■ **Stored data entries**
============================================================

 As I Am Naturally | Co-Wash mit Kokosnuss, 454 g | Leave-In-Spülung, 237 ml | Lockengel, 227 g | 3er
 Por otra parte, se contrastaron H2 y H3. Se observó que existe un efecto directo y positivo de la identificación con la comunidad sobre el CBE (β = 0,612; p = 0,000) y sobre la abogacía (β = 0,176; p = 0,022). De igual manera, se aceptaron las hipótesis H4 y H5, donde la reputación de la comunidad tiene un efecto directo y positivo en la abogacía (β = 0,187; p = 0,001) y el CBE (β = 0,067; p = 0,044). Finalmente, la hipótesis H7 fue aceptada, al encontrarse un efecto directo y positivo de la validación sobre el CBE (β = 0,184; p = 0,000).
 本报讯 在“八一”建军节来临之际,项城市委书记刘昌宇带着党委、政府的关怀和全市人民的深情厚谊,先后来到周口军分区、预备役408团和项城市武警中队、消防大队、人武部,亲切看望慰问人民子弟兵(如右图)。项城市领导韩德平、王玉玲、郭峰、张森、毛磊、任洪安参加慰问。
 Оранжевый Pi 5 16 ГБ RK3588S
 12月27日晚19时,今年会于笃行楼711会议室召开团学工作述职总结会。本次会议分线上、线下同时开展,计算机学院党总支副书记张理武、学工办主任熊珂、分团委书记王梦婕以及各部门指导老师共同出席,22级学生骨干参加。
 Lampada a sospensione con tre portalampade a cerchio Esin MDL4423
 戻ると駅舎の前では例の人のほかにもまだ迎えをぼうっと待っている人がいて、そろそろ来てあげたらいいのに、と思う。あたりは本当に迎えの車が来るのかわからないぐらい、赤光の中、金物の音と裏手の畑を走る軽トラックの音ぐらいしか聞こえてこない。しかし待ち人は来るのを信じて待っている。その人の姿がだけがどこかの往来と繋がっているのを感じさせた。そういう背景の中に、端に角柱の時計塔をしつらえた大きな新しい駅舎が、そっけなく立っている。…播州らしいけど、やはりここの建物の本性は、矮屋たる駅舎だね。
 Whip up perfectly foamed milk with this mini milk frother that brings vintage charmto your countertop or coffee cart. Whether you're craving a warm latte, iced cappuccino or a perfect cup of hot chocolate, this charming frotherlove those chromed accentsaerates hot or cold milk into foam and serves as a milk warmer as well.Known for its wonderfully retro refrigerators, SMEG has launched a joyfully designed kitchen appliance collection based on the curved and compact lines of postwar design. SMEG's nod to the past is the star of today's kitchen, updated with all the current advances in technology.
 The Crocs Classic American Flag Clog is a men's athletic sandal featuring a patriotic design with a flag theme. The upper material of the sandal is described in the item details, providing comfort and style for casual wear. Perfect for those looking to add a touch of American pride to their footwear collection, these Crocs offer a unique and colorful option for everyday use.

============================================================

Only a number is wanted here: how many lines above hold the string "design"?

2